196240 – [bmalloc] bmalloc should handle realloc for larger size well

Bug 196240 - [bmalloc] bmalloc should handle realloc for larger size well

Summary: [bmalloc] bmalloc should handle realloc for larger size well

Status:	NEW

Alias:	None

Product:	WebKit
Classification:	Unclassified
Component:	bmalloc (show other bugs)
Version:	WebKit Nightly Build
Hardware:	Unspecified Unspecified

Importance:	P2 Normal
Assignee:	Yusuke Suzuki

URL:
Keywords:

Depends on:
Blocks:

Reported:	2019-03-25 21:00 PDT by Yusuke Suzuki
Modified:	2019-03-26 16:19 PDT (History)
CC List:	1 user (show)

See Also:

Attachments
Add an attachment (proposed patch, testcase, etc.)

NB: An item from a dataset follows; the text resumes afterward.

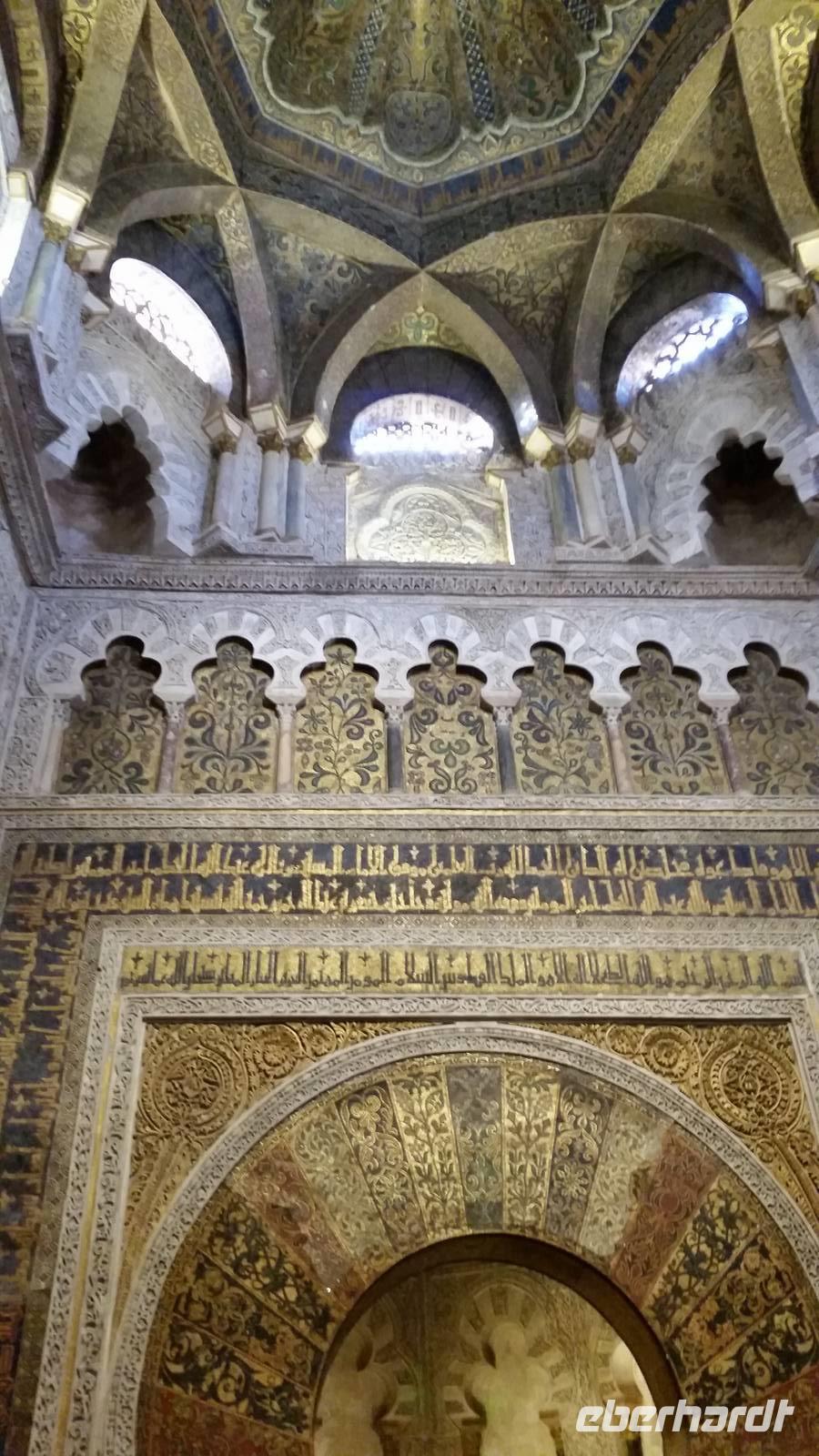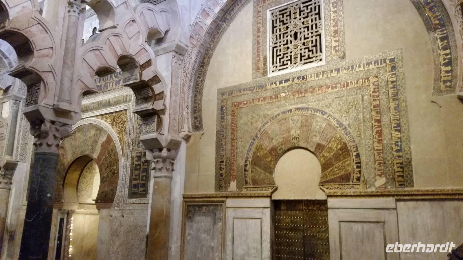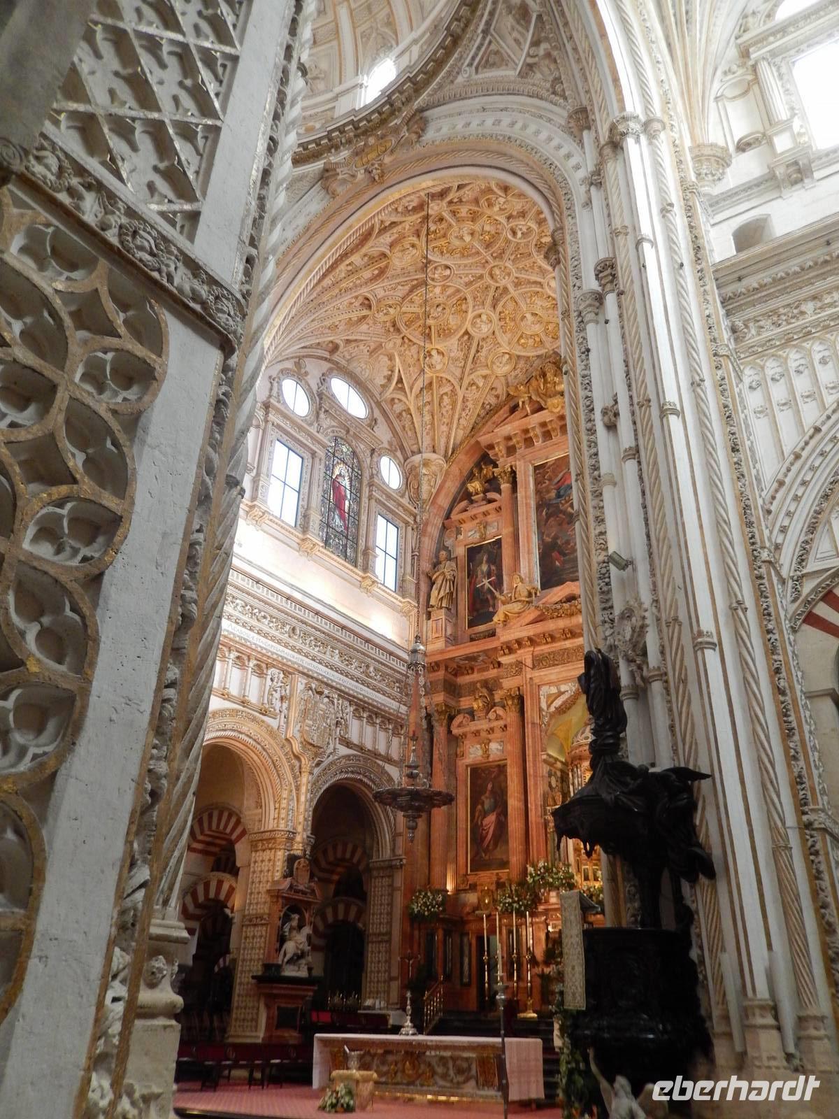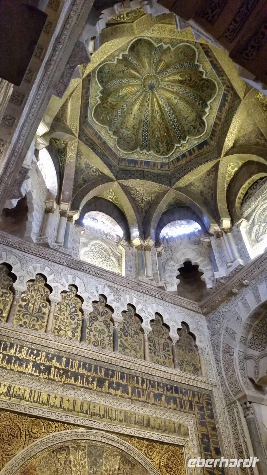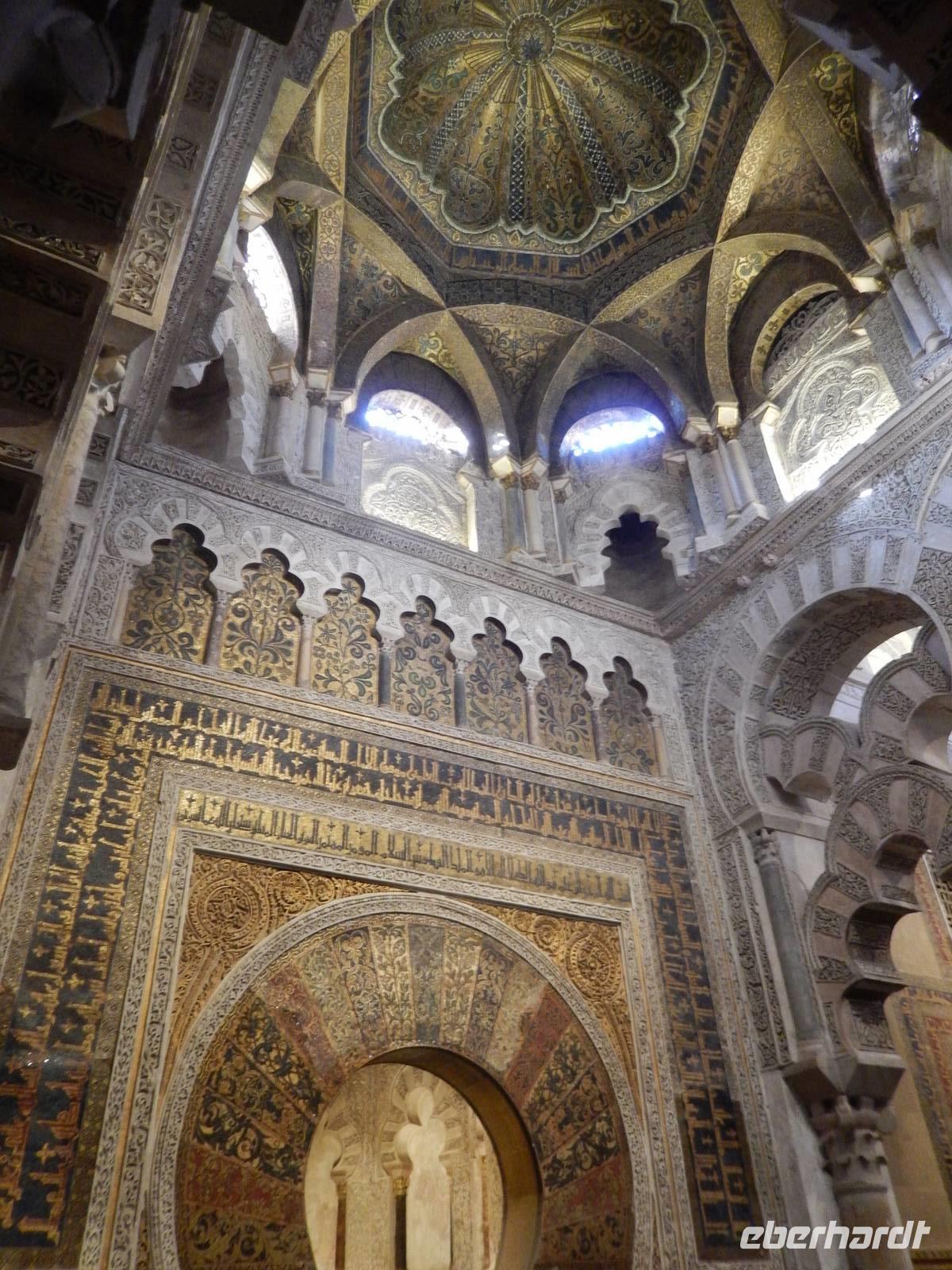 Heute ganz früh mussten wir uns leider von diesem schönen Hotel verabschieden. Es war Ostersonntag und die Sonne kam ganz neu und herrlich, um einen neuen Tag als Geschenk zu verkündigen. Was für eine ruhige Morgenstunde. Wir reisten schon mit Gepäck nach Cordoba, wo wir gegen 9 Uhr unsere Reiseleiterin Maria trafen und machten mit ihr eine geführte Stadtbesichtigung in der nach Sevilla bedeutendsten Stadt Andalusiens. Es war früh und wir konnten noch die morgendliche Stille genießen, bevor in den eng gewundenen Gassen das quirlige Leben erwacht. Wir trafen uns mit Maria auf der anderen Seite der römische Brücke Puente Romano, welche über den Fluß Guadalquivir führt, und gemeinsam überqueren wir die Brücke. Herrlich. Gegenüber von uns war die Mezquita vom Cordoba und wir holten die Eintrittskarten und Audio-guides, um sie richtig und in Ruhe zu besichtigen. Diese historische fantastische Mezquita ist die schönste Europas und man kann nicht mit Worten ausdrücken wie schön und imposant sie ist. Man muss sie einfach sehen. Wir hatten das riesige Glück, dass es Ostersonntag war und der Chor schon für die Osternmesse um 12 Uhr probte. Es was herrlich zu hören die „Alleluias" von dem Auferstehenden Sohn Gottes mit der Akustik und dem Klang diesem Jahrhunderte alten Gebäudes. Es war fast zum weinen.

Note You need to log in before you can comment on or make changes to this bug.

Description Yusuke Suzuki 2019-03-25 21:00:56 PDT

We should explore the chance to use existing contiguous regions when "realloc" is called for large objects.
It can avoid deallocations & allocations. It is particularly nice for current and peak memory footprint.

1. For current memory footprint, "realloc" avoids deallocations. If deallocations happen, we do not see memory progression immediately. It will be delayed by asynchronous scavenger. So avoiding deallocations gets pure win in terms of "current" memory footprint.
2. For peak memory footprint, we do not have "new" and "old" memory region at the same time. So we can make peak memory footprint small.


In system malloc, using "realloc" aggressively in JSC Butterfly allocations shows 3% progression in RAMification non-JIT tests.

Comment 1 Geoffrey Garen 2019-03-26 14:27:58 PDT

One way to think about this proposal is:

Currently, bmalloc does all large allocations "first fit", picking the lowest address that can fit the memory allocation. Sometimes, this results in more memory being committed in the short term, if a better fit or an already-committed fit is available at a higher address. However, in the long run, "first fit" tends to result in less memory use, by compacting allocations toward lower addresses, reducing fragmentation.

The proposal here is to use "best fit" if and only if we're doing a realloc. But what is it about realloc that is special?

Avoiding a large memcpy seems like one reason that realloc might be special. I think that's the key.

If we believed that something about this change would reduce footprint, maybe we should consider making the same change for all large allocations.

Comment 2 Yusuke Suzuki 2019-03-26 16:19:31 PDT

(In reply to Geoffrey Garen from comment #1)
> One way to think about this proposal is:
> 
> Currently, bmalloc does all large allocations "first fit", picking the
> lowest address that can fit the memory allocation. Sometimes, this results
> in more memory being committed in the short term, if a better fit or an
> already-committed fit is available at a higher address. However, in the long
> run, "first fit" tends to result in less memory use, by compacting
> allocations toward lower addresses, reducing fragmentation.

Interesting, I think we can use "realloc"'s semantics to further enhance this policy.

> The proposal here is to use "best fit" if and only if we're doing a realloc.
> But what is it about realloc that is special?

I think the key in realloc is that we know that the given range is about to be destroyed and can be considered as free memory range.
And this would offer 2 ways to enhance the current bmalloc's large allocation.

1. Merge existing contiguous region

We can consider the passed memory range as a free range. And it offers an additional candidate to bmalloc Large memory allocator, which can have lower address.
We first have one large range, split it into two, and use the former one.

[ Used 2MB ][ Free 2MB ]

And later, we call realloc(Used, 4MB). In this case, we have a chance to merge Used and Free into 4MB and return it as a realloc's result.

[  Used 4MB            ]

If we call "malloc(4MB), memcpy(Used, New), free(Used)", the layout would become like this.

[  Free 4MB            ]        ...       [   New 4MB          ]

It is possible to have a chance to expand the current region. For example, repeatedly appending something to a Vector.

2. Extend existing entire Large range.

Another way is extending the existing VM region to larger size. If the existing memory ranges are not fit into the requested size, and if the passed memory range is only used by itself, we can extend this VM region into a large size and continue using it (if we are not in a Gigacage).


I'm not sure whether these are actually profitable in RAMification and other applications, but I think it would be potentially profitable, but anyway, not sure until exploring it actually.

> Avoiding a large memcpy seems like one reason that realloc might be special.
> I think that's the key.
> 
> If we believed that something about this change would reduce footprint,
> maybe we should consider making the same change for all large allocations.